Baggage X-rays and Body Scanners:
An Airport Health Hazard
Most, if not all states license the use of Radiological devices, such as X-Ray equipment to protect:
- the public,
- radiation workers,
- and the environment.
This is done by a state agency responsible for providing public health functions associated with administering a radiation control program. This includes:
- licensing of radioactive materials,
- registration of X-ray-producing machines,
- certification of medical and industrial X-ray and radioactive material users,
- inspection of facilities using radiation,
- investigation of radiation incidents, and
- surveillance of radioactive contamination in the environment.

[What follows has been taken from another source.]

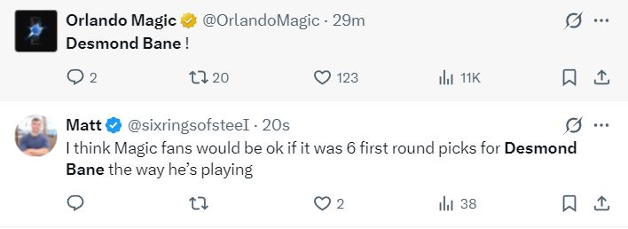 魔术记者马特调侃:我觉得魔术队球迷应该能接受用六个首轮选秀权去换德斯蒙德-贝恩,他现在打球这个状态超值啊。

In a traditional (normal) medical setting, these types of machines are only operated by certified techs.
Additionally, a state inspector comes every month to certify that the machines are calibrated correctly. On doing so, the inspection statement is hung in a visible area near the machine (visible to the public) with the date of inspecton and the inspectors name.
Furthermore, in a medical setting, the body part not being scanned is covered by lead to protect sensative tissue areas.
Even where such standards exist, mistakes happen:
X-Rays and Unshielded Infants
TSA uses radiological devices to x-ray baggage, and now, people as well in Body scanning devices. TSA management insists these devices are safe, but many other reputable authorities say otherwise:
U.S. Government Glossed Over Cancer Concerns As It Rolled Out Airport X-Ray Scanners
Every day, millions of people pass close by or through these devices, which operate continuously without shielding either for passengers or workers.
Recently, there have been reports of cancer clusters among TSA airport workers:
Did Airport Scanners Give Boston TSA Agents Cancer?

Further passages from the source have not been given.